**TASK GOAL**
What is needed here is each entry reproduced exactly, without its pictures.

Dataset records
┌──
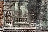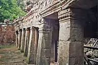 The third enclosure has a gopura which has a cruciform plan. It has pillars which are crossed by vaults. There are three passages in this enclosure, two on either side are independent, with laterite walls. The niches here have small figurines, and large apsara devatas in single poses or in pairs of dancing poses. Large Buddha images, in an internal courtyard of this enclosure, have been defaced by vandals. A paved access from here leads to the main shrine, which comprises two galleried enclosures. At the entrance to these enclosures, from the eastern end, is the "Hall of Dancers", which has four open courtyards and the pillars have fine carvings of apsaras.[12]
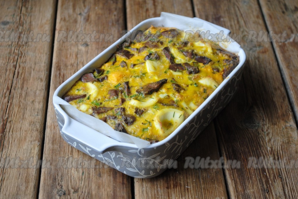 Запекать дроб из куриной печени и яиц в разогретой до 180 градусов духовке 40-45 минут (до готовности). Блюдо будет считаться готовым, когда на его поверхности не будет мокрых участков яичной заливки.
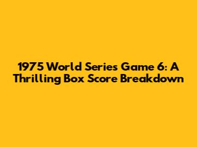 1975 World Series Game 6: A Thrilling Box Score Breakdown
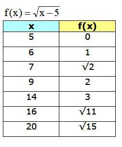Primero hay que determinar el dominio de la función, para saber qué valores de x se pueden escoger para construir la tabla. En el caso de la función propuesta, la cantidad dentro de la raíz debe ser siempre positiva o igual a 0, por lo tanto:
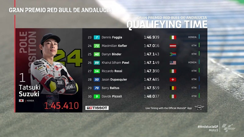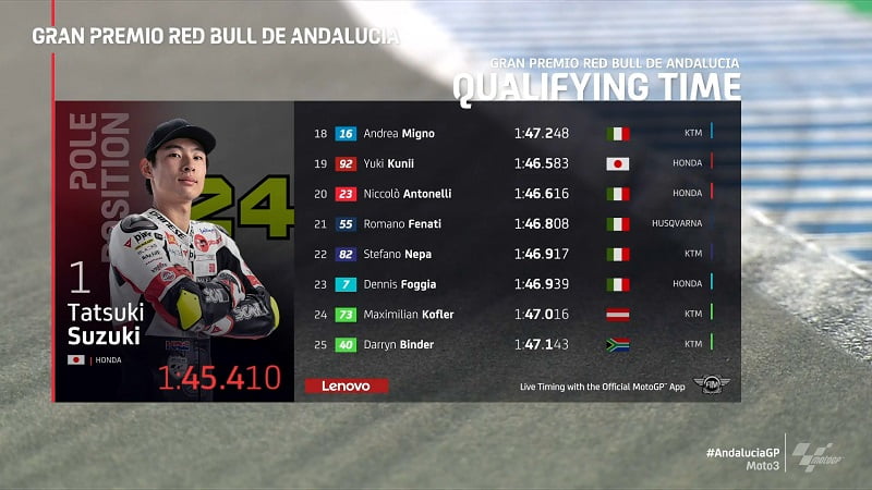 La pole position revenait finalement à Suzuki en 1’45.410, devant Ogura, Rodrigo, Fernández, Arbolino et Arenas.
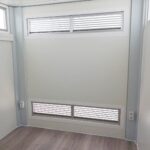Revestimiento interior: paneles de HPL color blanco (ref. f.2001) o material similar de 4 mm. Proporcionan un ambiente luminoso, limpio y moderno, con un mantenimiento mínimo y una gran durabilidad.
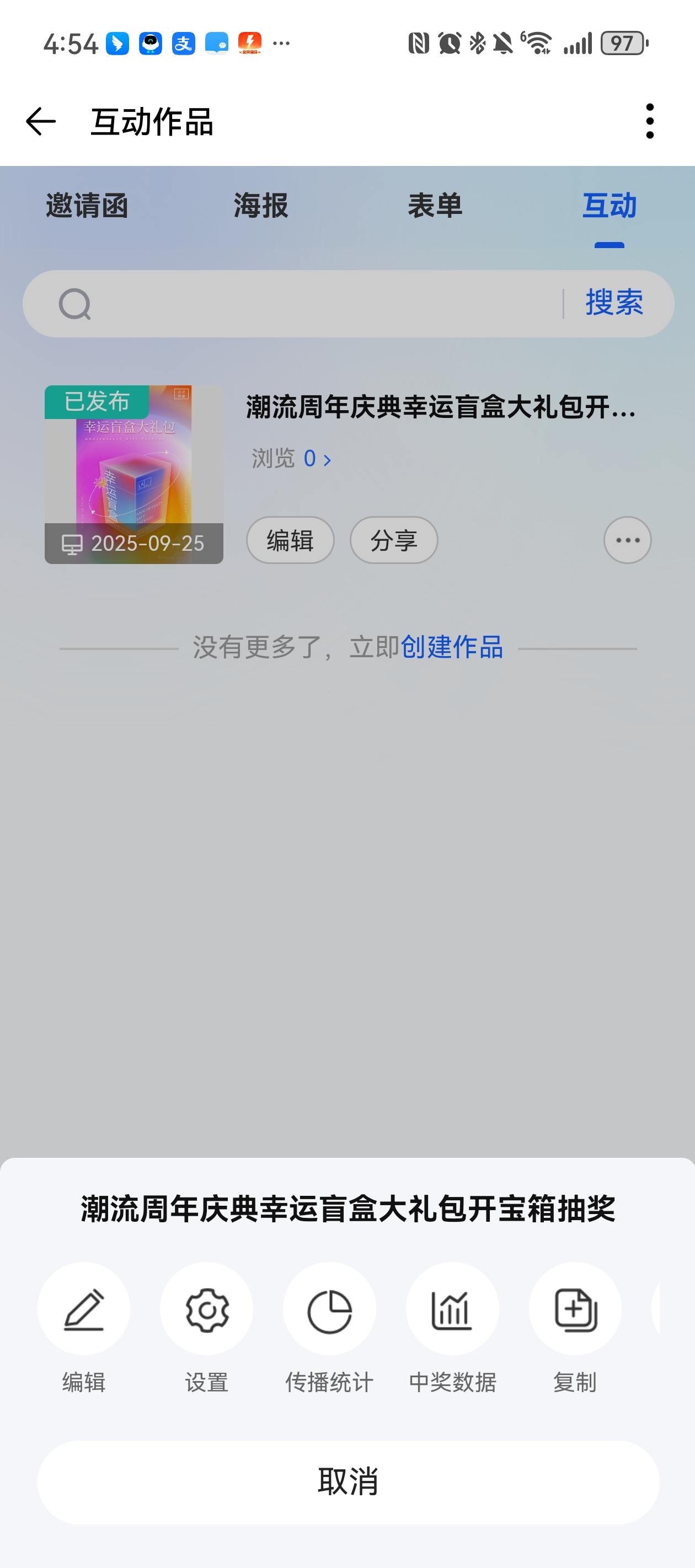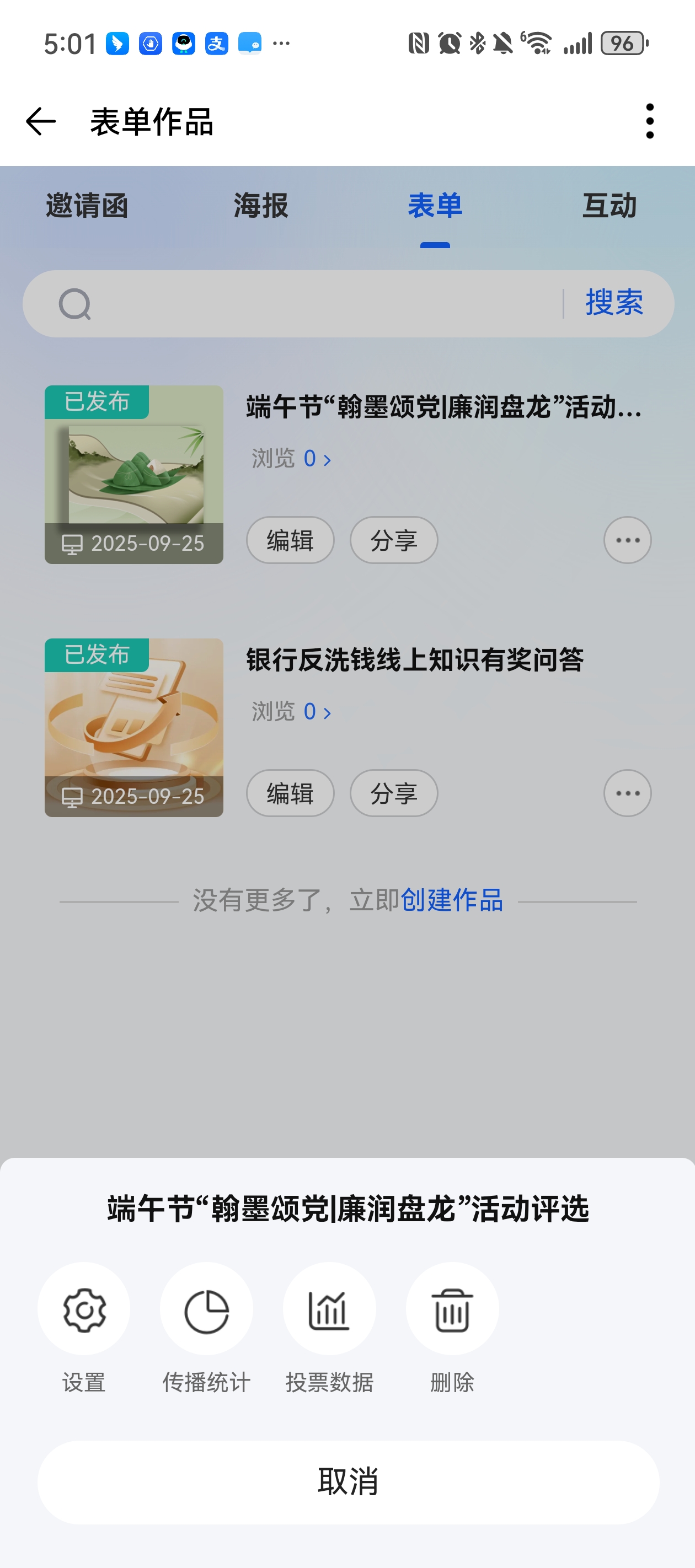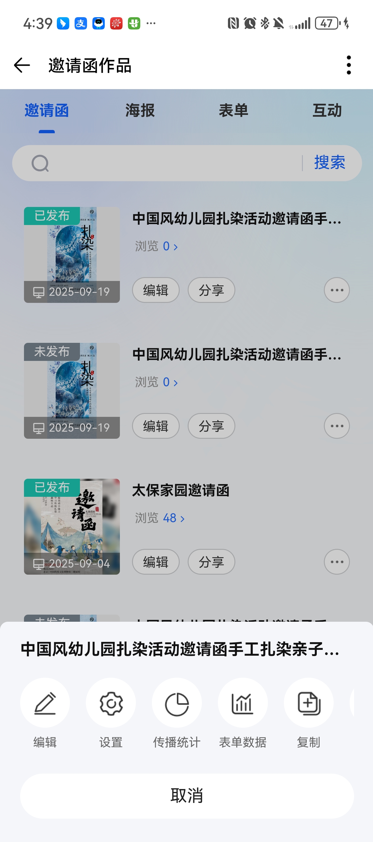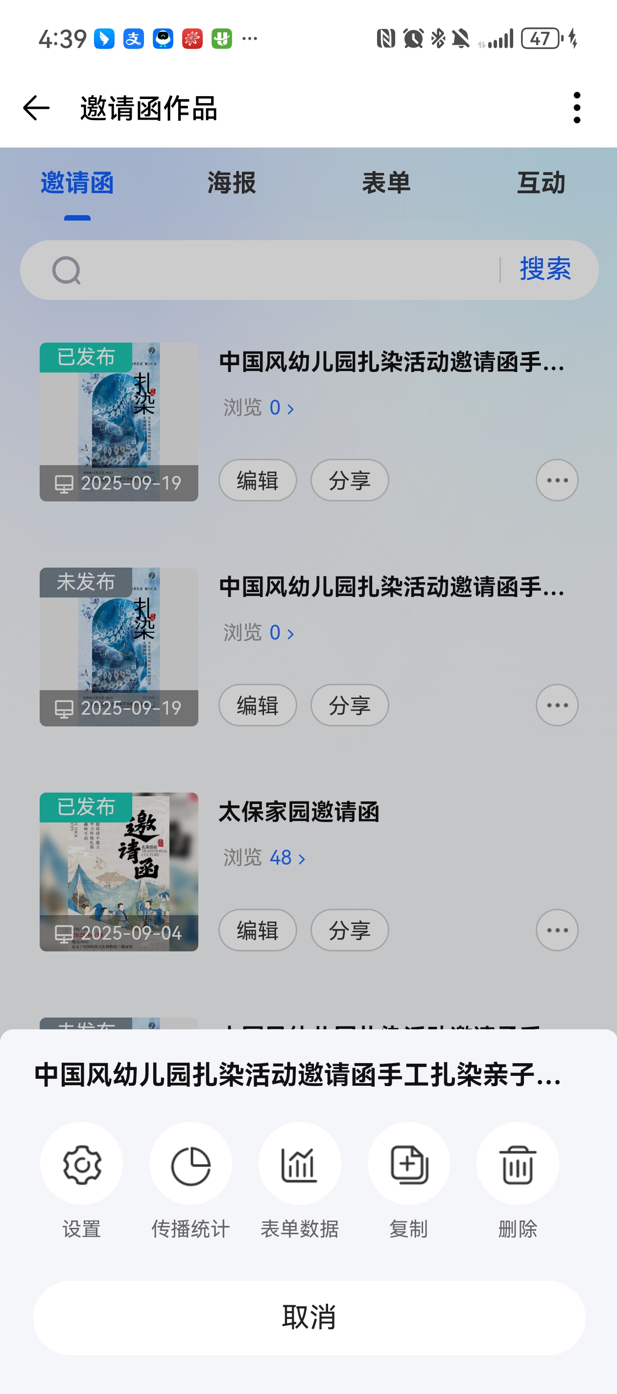 支持查看传播统计数据和表单数据,支持复制作品、删除作品、修改作品的封面、标题、描述等;
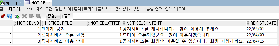 COMMENT ON COLUMN NOTICE.NOTICE_CONTENT IS '공지사항내용';
└──
**EXPECTED OUTPUT**
 The third enclosure has a gopura which has a cruciform plan. It has pillars which are crossed by vaults. There are three passages in this enclosure, two on either side are independent, with laterite walls. The niches here have small figurines, and large apsara devatas in single poses or in pairs of dancing poses. Large Buddha images, in an internal courtyard of this enclosure, have been defaced by vandals. A paved access from here leads to the main shrine, which comprises two galleried enclosures. At the entrance to these enclosures, from the eastern end, is the "Hall of Dancers", which has four open courtyards and the pillars have fine carvings of apsaras.[12]
 Запекать дроб из куриной печени и яиц в разогретой до 180 градусов духовке 40-45 минут (до готовности). Блюдо будет считаться готовым, когда на его поверхности не будет мокрых участков яичной заливки.
 1975 World Series Game 6: A Thrilling Box Score Breakdown
Primero hay que determinar el dominio de la función, para saber qué valores de x se pueden escoger para construir la tabla. En el caso de la función propuesta, la cantidad dentro de la raíz debe ser siempre positiva o igual a 0, por lo tanto:
 La pole position revenait finalement à Suzuki en 1’45.410, devant Ogura, Rodrigo, Fernández, Arbolino et Arenas.
Revestimiento interior: paneles de HPL color blanco (ref. f.2001) o material similar de 4 mm. Proporcionan un ambiente luminoso, limpio y moderno, con un mantenimiento mínimo y una gran durabilidad.
 支持查看传播统计数据和表单数据,支持复制作品、删除作品、修改作品的封面、标题、描述等;
 COMMENT ON COLUMN NOTICE.NOTICE_CONTENT IS '공지사항내용';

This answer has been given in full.